Exercise data =>

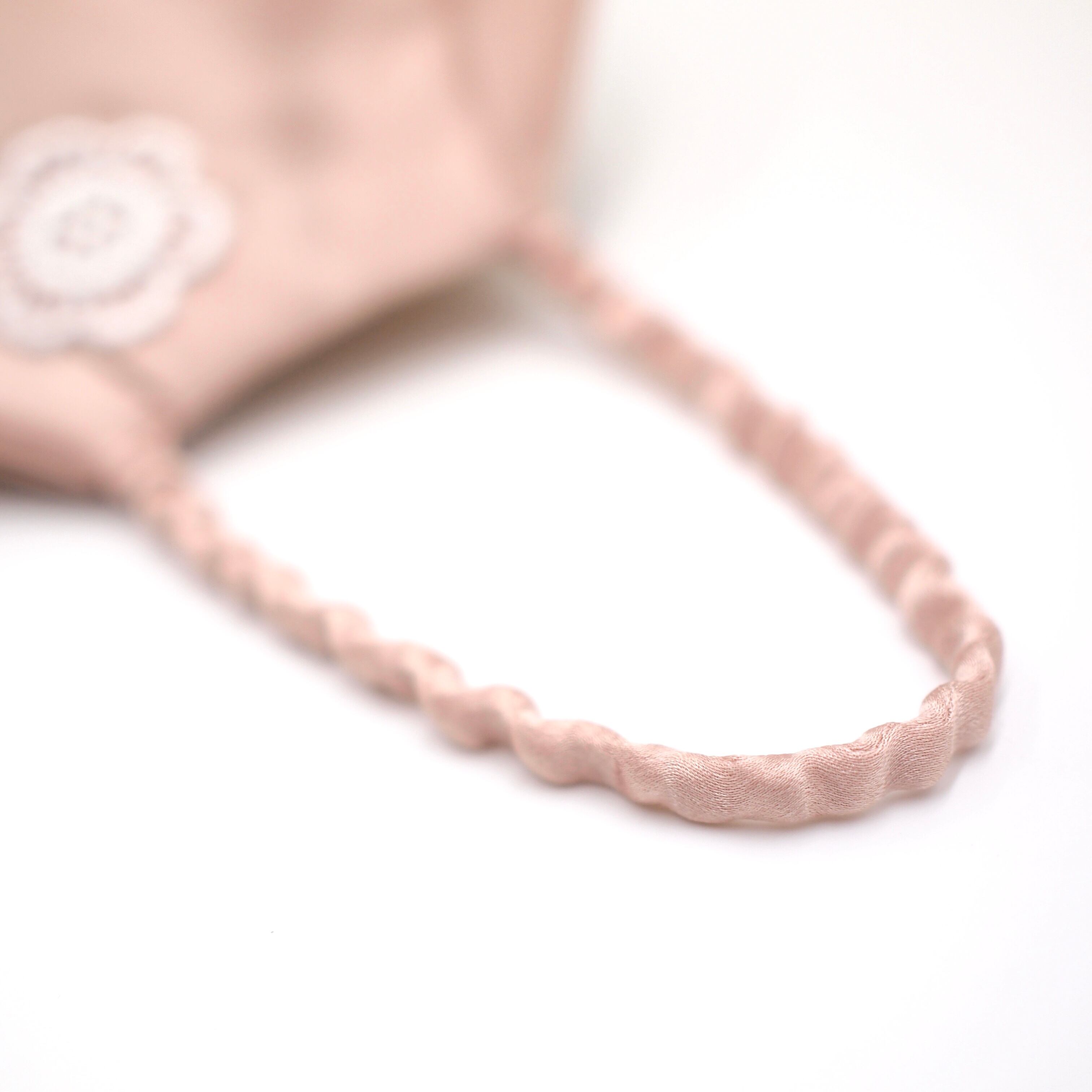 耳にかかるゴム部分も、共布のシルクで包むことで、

---

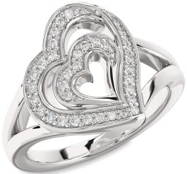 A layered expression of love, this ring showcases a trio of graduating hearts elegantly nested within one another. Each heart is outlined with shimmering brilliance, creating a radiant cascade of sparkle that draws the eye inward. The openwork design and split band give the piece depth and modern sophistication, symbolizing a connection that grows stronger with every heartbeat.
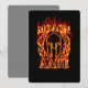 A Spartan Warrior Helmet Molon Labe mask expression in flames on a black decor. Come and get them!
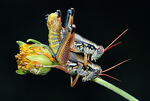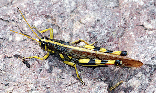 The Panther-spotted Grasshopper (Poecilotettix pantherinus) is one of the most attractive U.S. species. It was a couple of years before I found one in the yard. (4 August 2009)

==

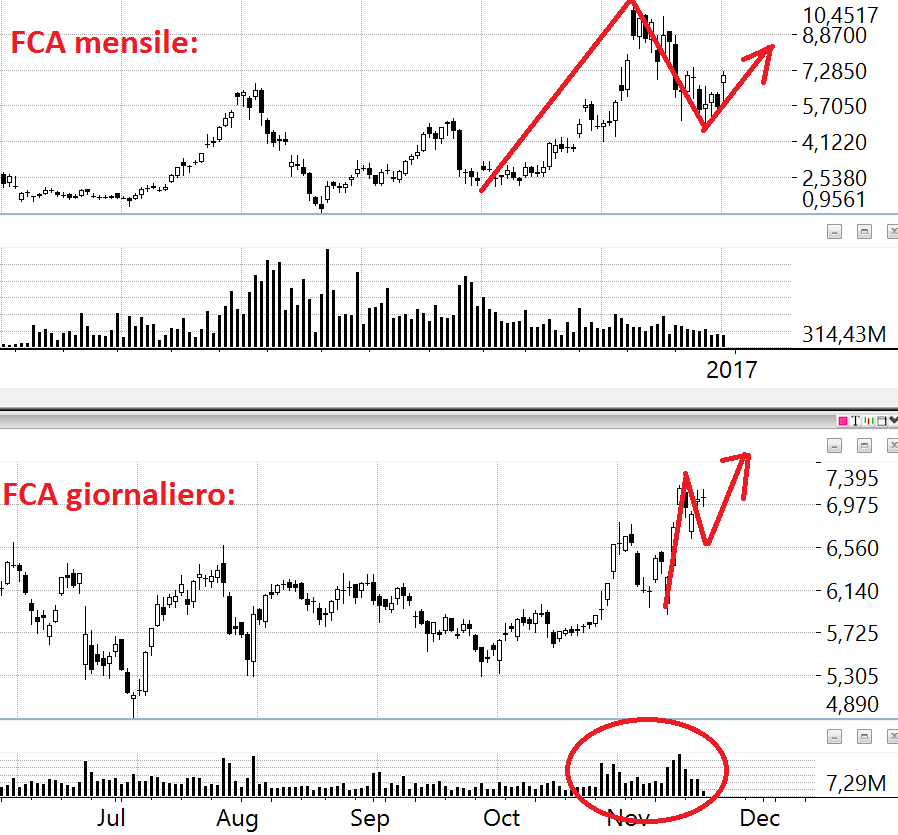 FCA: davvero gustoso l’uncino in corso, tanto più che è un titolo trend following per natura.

Aim of the exercise => Write out again exactly the lines above from the one with "A Spartan Warrior" through the one with "The Panther-spotted Grasshopper", adding no other lines and no pictures.

Answer to the problem =>
 A Spartan Warrior Helmet Molon Labe mask expression in flames on a black decor. Come and get them!
 The Panther-spotted Grasshopper (Poecilotettix pantherinus) is one of the most attractive U.S. species. It was a couple of years before I found one in the yard. (4 August 2009)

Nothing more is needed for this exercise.